BACKGROUND OF THE INVENTION1. Field of the Invention
The present invention relates to a semiconductor device such as a NAND type EEPROM, and a method of manufacturing the same.
2. Description of the Related Art
A NAND type flash memory has a cell array structure provided with a plurality of cell transistors which are constituted of n-channel MOS-FETs having floating gates and control gates and which are connected in series. In such cell array structure, there is a problem that an electron comes off from a cell written with “0” by a voltage applied to a gate edge portion during writing of a cell disposed adjacent to the written cell, and “0”→“1” sometimes results.
It is to be noted that in Jpn. Pat. Appln. KOKAI Publication No. 9-17891, in a flash EEPROM, each of curvature radiuses of edges of opposite sides of a floating gate is set to 50 nm or more, the opposite sides including a source area side and a drain area side brought into contact with a tunnel insulating film. Accordingly, occurrence of excessive erase is prevented.

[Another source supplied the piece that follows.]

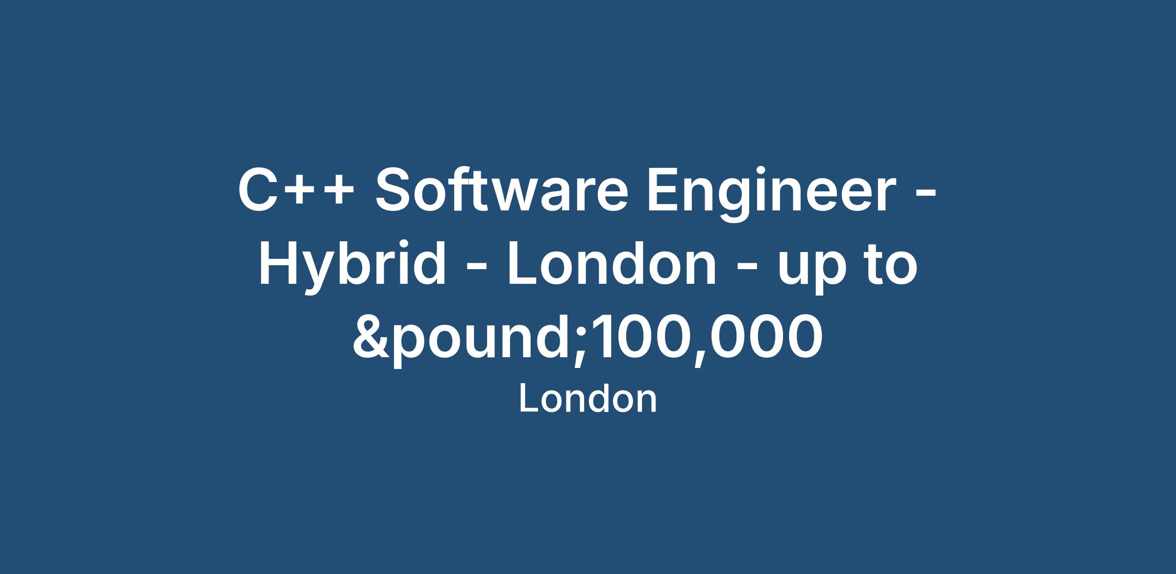 C++ Engineer - Hybrid Role - London - £(phone number removed)

BRIEF SUMMARY OF THE INVENTIONAccording to an aspect of the invention, there is provided a semiconductor device comprising: a semiconductor substrate; a gate insulating film formed on the semiconductor substrate; a gate electrode formed on the gate insulating film; and a diffusion layer formed in the semiconductor substrate, a predetermined portion of the gate electrode in the vicinity of the diffusion layer being provided with an impurity area whose conductive type is different from that of another portion of the gate electrode or an impurity area whose conductive type is the same as that of the other portion and whose concentration is lower than that of the other portion.

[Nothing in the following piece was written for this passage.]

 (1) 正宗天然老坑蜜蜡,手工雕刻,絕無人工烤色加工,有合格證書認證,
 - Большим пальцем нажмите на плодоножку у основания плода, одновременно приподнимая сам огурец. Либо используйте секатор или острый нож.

According to another aspect of the invention, there is provided a semiconductor device comprising: a semiconductor substrate; a first gate insulating film formed on the semiconductor substrate; a first gate electrode formed on the first gate insulating film; a second gate insulating film formed on the first gate electrode; a second gate electrode formed on the second gate insulating film; and a diffusion layer formed in the semiconductor substrate, a predetermined portion of the first gate electrode in the vicinity of the diffusion layer being provided with an impurity area whose conductive type is different from that of another portion of the first gate electrode or an impurity area whose conductive type is the same as that of the other portion and whose concentration is lower than that of the other portion.
According to another aspect of the invention, there is provided a method of manufacturing a semiconductor device, comprising: forming a gate insulating film on a semiconductor substrate; forming a gate electrode on the gate insulating film; implanting impurities in a predetermined portion of the gate electrode; and forming a diffusion layer in the semiconductor substrate, a predetermined portion of the gate electrode in the vicinity of the diffusion layer being provided with an impurity area whose conductive type is different from that of another portion of the gate electrode or an impurity area whose conductive type is the same as that of the other portion and whose concentration is lower than that of the other portion.
According to another aspect of the invention, there is provided a method of manufacturing a semiconductor device, comprising: forming a first gate insulating film on a semiconductor substrate; forming a first gate electrode on the first gate insulating film; forming a second gate insulating film on the first gate electrode; forming a second gate electrode on the second gate insulating film; implanting impurities in a predetermined portion of the first gate electrode; and forming a diffusion layer in the semiconductor substrate, a predetermined portion of the first gate electrode in the vicinity of the diffusion layer being provided with an impurity area whose conductive type is different from that of another portion of the first gate electrode or an impurity area whose conductive type is the same as that of the other portion and whose concentration is lower than that of the other portion.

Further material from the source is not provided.